-- Problem details --
Set down, character for character, everything in the records below from the line holding "Related : Suku" down to the line holding "Personalized Black And", and no other line.

-- Data supplied --
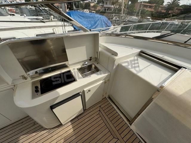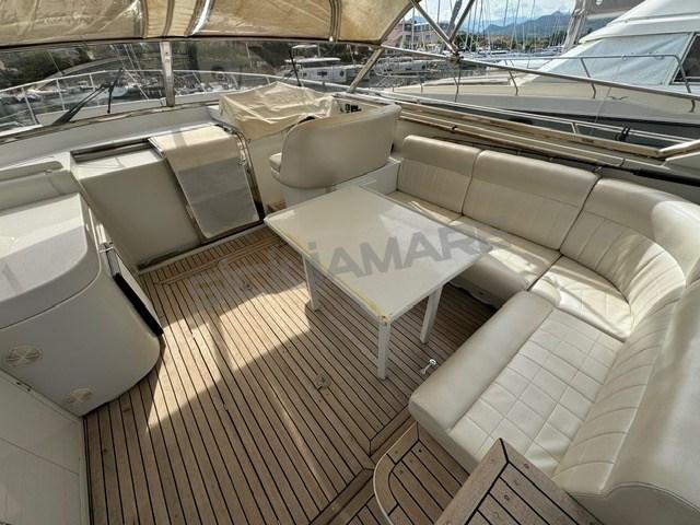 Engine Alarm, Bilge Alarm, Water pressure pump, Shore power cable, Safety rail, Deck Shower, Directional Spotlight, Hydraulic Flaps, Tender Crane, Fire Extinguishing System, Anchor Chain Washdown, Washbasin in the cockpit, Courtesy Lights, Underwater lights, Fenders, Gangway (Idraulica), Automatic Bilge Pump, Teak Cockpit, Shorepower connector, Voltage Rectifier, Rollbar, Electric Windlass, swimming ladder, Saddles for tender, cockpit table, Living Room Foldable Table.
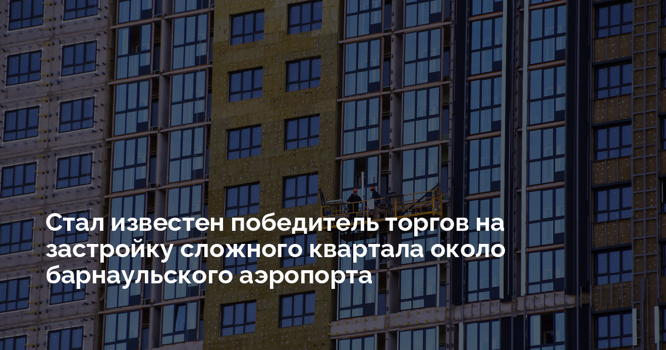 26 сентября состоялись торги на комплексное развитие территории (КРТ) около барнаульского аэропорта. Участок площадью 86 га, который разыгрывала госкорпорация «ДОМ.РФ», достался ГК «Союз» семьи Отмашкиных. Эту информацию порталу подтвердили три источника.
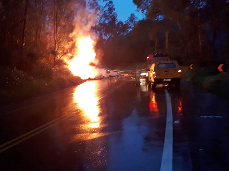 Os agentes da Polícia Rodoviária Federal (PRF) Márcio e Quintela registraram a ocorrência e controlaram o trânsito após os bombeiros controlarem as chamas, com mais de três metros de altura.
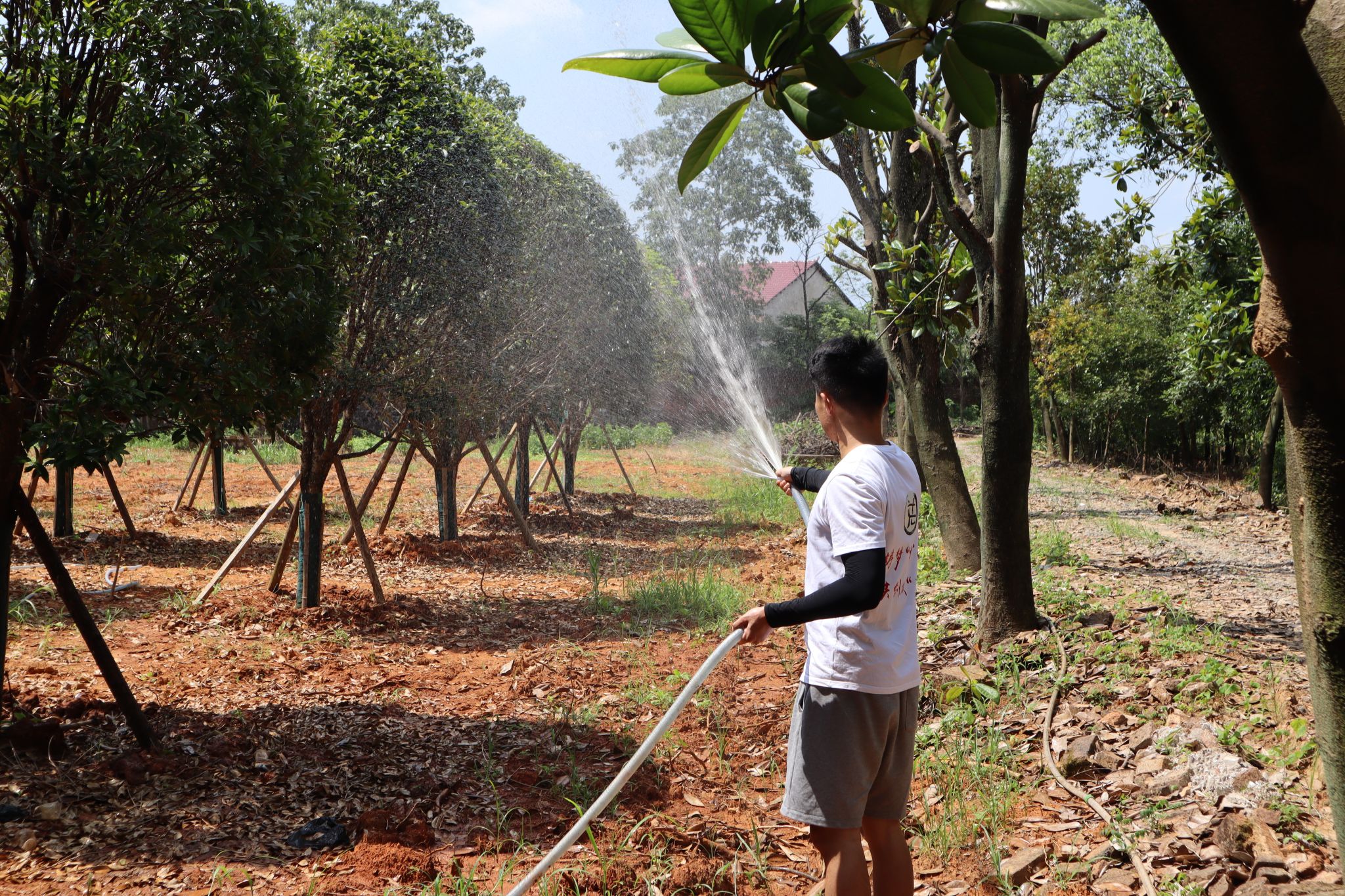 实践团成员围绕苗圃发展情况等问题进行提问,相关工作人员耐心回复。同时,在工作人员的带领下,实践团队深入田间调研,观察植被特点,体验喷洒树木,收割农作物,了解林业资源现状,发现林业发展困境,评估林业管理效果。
--
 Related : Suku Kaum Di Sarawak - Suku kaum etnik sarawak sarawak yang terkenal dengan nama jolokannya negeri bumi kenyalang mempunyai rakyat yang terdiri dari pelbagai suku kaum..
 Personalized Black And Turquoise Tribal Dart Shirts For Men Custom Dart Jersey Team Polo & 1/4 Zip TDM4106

-- Your solution --
 Related : Suku Kaum Di Sarawak - Suku kaum etnik sarawak sarawak yang terkenal dengan nama jolokannya negeri bumi kenyalang mempunyai rakyat yang terdiri dari pelbagai suku kaum..
 Personalized Black And Turquoise Tribal Dart Shirts For Men Custom Dart Jersey Team Polo & 1/4 Zip TDM4106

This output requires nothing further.